Thursday, June 22, 2006


By David M. Brown -- TRIBUNE-REVIEW

Lori Hann's grief-stricken family and friends gathered Saturday to start trying to say goodbye.

It won't be easy, said brother Larry Swatchick, 40, of North Fayette.

"My sister was a very trusting, loving person. She took care of all of us. Birthday cards. Spoiled her nephews. They were her life," he said, after a funeral service yesterday morning for Hann.

Hann, 41, of Forest Hills, was killed by a single gunshot to the face fired by her boyfriend, police say.

Hardy C. Lloyd, 26, confessed early Friday to fatally shooting her outside a Squirrel Hill home late Tuesday, according to an affidavit of probable cause filed to support his arrest. The Squirrel Hill man has been linked to a hate group that preached white supremacy and violence. Police say the shooting was not a hate crime, but erupted out of a fight over another woman.

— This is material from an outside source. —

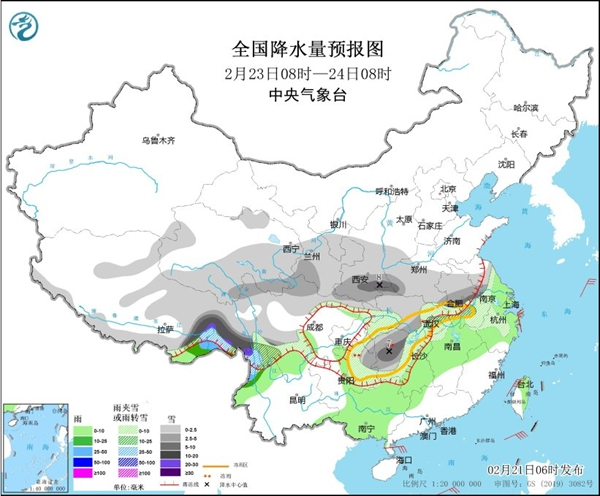 中央氣象臺(tái)預(yù)計(jì),今天,新疆南部、西北地區(qū)中東部、內(nèi)蒙古中西部、華北中西部、黃淮、江淮、江漢、青藏高原大部等地部分地區(qū)有小到中雪或雨夾雪,其中,河南中東部、山東南部、蘇皖北部、湖北北部及西藏東部等地部分地區(qū)有大到暴雪(10~15毫米)。湖北中東部和南部、湖南北部、貴州東部、安徽中部、江蘇北部等地部分地區(qū)有凍雨。江南中北部等地部分地區(qū)有中到大雨,其中,江西北部、浙江西部、安徽南部等地部分地區(qū)有暴雨(50~90毫米)。
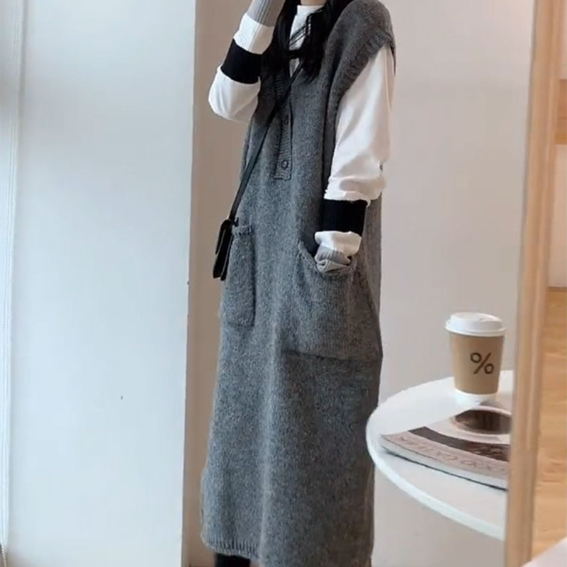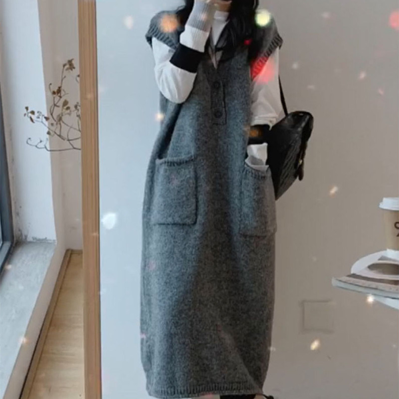 | nameOriginal | Elegant gray mid-length vest women's outer wear loose fashion waistcoat 2022autumn new European Station |

"Why did she die in a cruel and inhuman act?" Swatchick said. "She never smoked. Never took drugs. Just a good person. It doesn't make sense to us."

Another brother, Lon Swatchick, 34, of Monroeville, said Hann "had absolutely nothing to do with any" of the hate mongering activities being associated with Lloyd. She was a deeply religious person who was "nonjudgemental to others," he said.

"We don't understand how somebody so evil could point a gun at someone and pull the trigger. This man obviously has no remorse for anything," he said.

Lloyd is jailed without bond on a homicide charge and faces a hearing Friday in the Allegheny County Coroner's office.

Lloyd's parents, Dr. Jon Lloyd and his wife, Jacqueline, didn't return phone calls seeking comment. Nobody answered when a reporter knocked on the door of their Shadyside home yesterday afternoon. His lawyer, Wayne DeLuca, couldn't be reached for comment.

Hardy Lloyd recently lost his job of six months at the Giant Eagle supermarket on Murray Avenue, near his apartment. Employees there said he was fired for stealing fruit.

Friends of Hann, a clerical worker for a Monroeville health care company who divorced her husband of 17 years last year, said she met Lloyd through an Internet dating service.

Police said they knew from Internet sites and from leaflets Lloyd distributed in the East End that he preached violence against nonwhites, Jews and law enforcement. Investigators said Hann knew of his activities, too.

More than 70 mourners attended Hann's funeral at St. John Fisher Church in Churchill. She will be buried next to her mother, Shirley Swatchick, who died of cancer in April 2003, Larry Swatchick said.

"I can't say enough about the outpouring of love and support from the friends and colleagues of my sister," he said.

He saw his sister a few weeks ago and at that time "she never appeared distraught or in trouble." Since her mother's death, Hann had taken a central role in looking after her father, Lawrence Swatchick, of Penn Hills, a retired mine safety worker. She called him and brought him meals frequently, the brothers said.

Hann also is survived by a third brother, Leonard Swatchick, of Penn Hills, and four nephews. An animal lover, she had a dog named Miranda and a cat called Crystal. The animals are being cared for, her family said.

"My sister was too much of an angel to have her life ended this way," Lon Swatchick said. "Words can't express the pain we feel."